La colère du peuple s’est déclenchée. Au mauvais moment et de la pire des manières. Au Sénégal, une population privée de ses libertés individuelles au nom de l’Etat d’urgence prolongé jusqu’à la fin du mois de juin par le gouvernement, a choisi de défier le pouvoir à ses risques et périls.
Dans un pays du tiers-monde où une grande partie de la population est contrainte d’exercer des petits boulots pour survire, il est évident que restreindre les libertés individuelles (et surtout libertés de déplacement) ne peut en aucun cas constituer une réponse logique et cohérente pour faire face à la pandémie à coronavirus.
Comme cela s’est passé il y a un mois aux Etats-Unis où des individus lourdement armés avaient défié les gouverneurs de leurs Etats exigeant la fin du confinement ou encore en Espagne où à la mi-avril, des centaines de personnes ont ouvertement violé les règles de l’Etat d’alerte mises en place le gouvernement de Pedro Sanchez pour réclamer la restitution de leurs libertés individuelles, des villes sénégalaises sont, elles aussi, en train de défier l’Etat en place réclamant la fin sans délai de l’Etat d’urgence pour que des milliers de Goorgorlous (sénégalais aux revenus moyens) ne soient pas emportés par la famine.
Ces soulèvements, notés ces dernières heures dans plusieurs villes du pays telles que Touba, Mbacké, Tamba ou ailleurs, étaient à prévoir d’autant plus que l’Etat a fait preuve d’une incurie manifeste dans sa gestion de la crise en se livrant à des tâtonnements qui ont fini par exaspérer plus d’un.
Et j’explique. Le 11 mai, Macky Sall avait littéralement démissionné dans sa guerre contre le coronavirus en annonçant, conte toute attente, la fin d’une série de mesures pourtant jugées nécessaires pour juguler la propagation du virus. Parmi elles, l’ouverture des lieux de culte qui avait divisé la classe religieuse. Et ce n’est pas tout. Il y a deux jours, il a fini par faire volte-face après s’être pourtant entêté à vouloir à tout prix ré-ouvrir les écoles pour les élèves en classe d’examen.
L’Etat, dans sa gestion de la pandémie, a été volage et n’a pas su rassurer une grande partie de la population qui a le sentiment qu’au plus haut sommet de l’Etat, c’est le tâtonnement à n’en plus finir. Cette incompétence dont ont fait preuve les autorités sénégalaises a, sans nul doute, précipité les événements inopinés auxquels nous assistons depuis hier.
La réalité est que l’Etat d’urgence prive les Sénégalais de liberté de mouvement et les empêche ainsi d’exercer pleinement des activités qui leur permettaient d’assurer le quotidien. Au bout d’un mois, il a complètement ruiné bon nombre d’entre eux qui doivent désormais compter sur des aides de l’Etat pour tenir le coup. Dans un pays pauvre, restreindre les libertés de mouvement ne pouvait être qu’éphémère et n’avait pas vocation à être prolongée dans le temps.
Pourtant, c’est l’erreur fatale commise par Macky Sall. En prolongeant l’Etat d’urgence, des millions de Sénégalais sont plongés dans le marasme et la précarité. Et défier l’Etat semblait être la seule option. Tout comme les Etats-Unis, il ne leur restait que la révolte pour pouvoir reprendre leur vie et leur dignité. Aussi imprudente soit-elle, elle se justifie totalement.

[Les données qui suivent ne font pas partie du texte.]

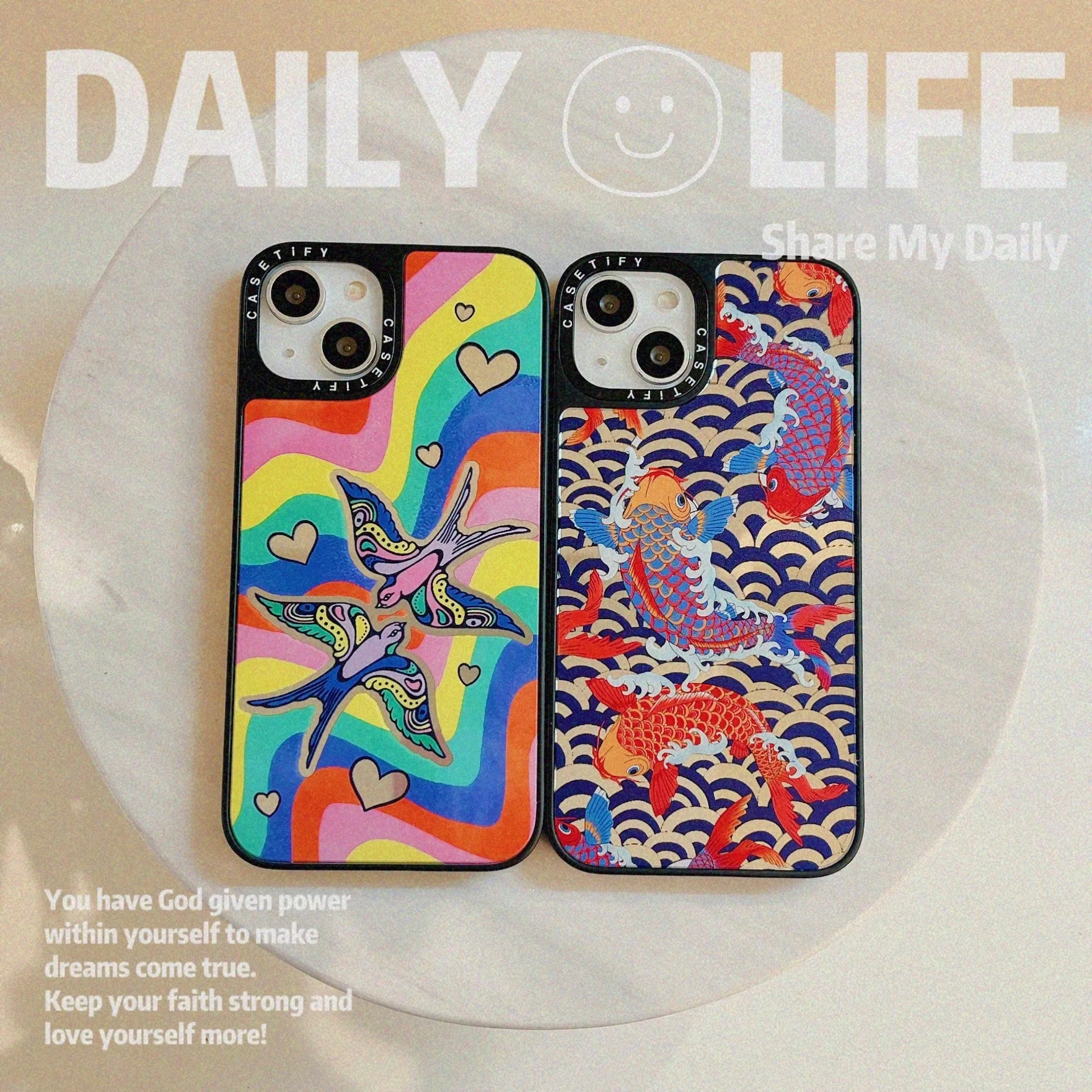 Fashion personality cartoon mandarin duck carp couple shockproof soft silicone phone case for 11 12 13 Pro Max X XR XS 8 7 Plus

Nous n’en sommes qu’au tout début d’une révolte sociale qui risque de se propager comme un feu de brousse. Le gouvernement a désormais deux choix à faire : y mettre fin le plus vite possible ou faire face au risque de perdre éventuellement le pouvoir. Car, il faut le dire, ces révoltes, dans un pays en colère où les deniers publics ont été dilapidés et où les ressources naturelles sont pillées, peuvent ouvrir la porte à tout.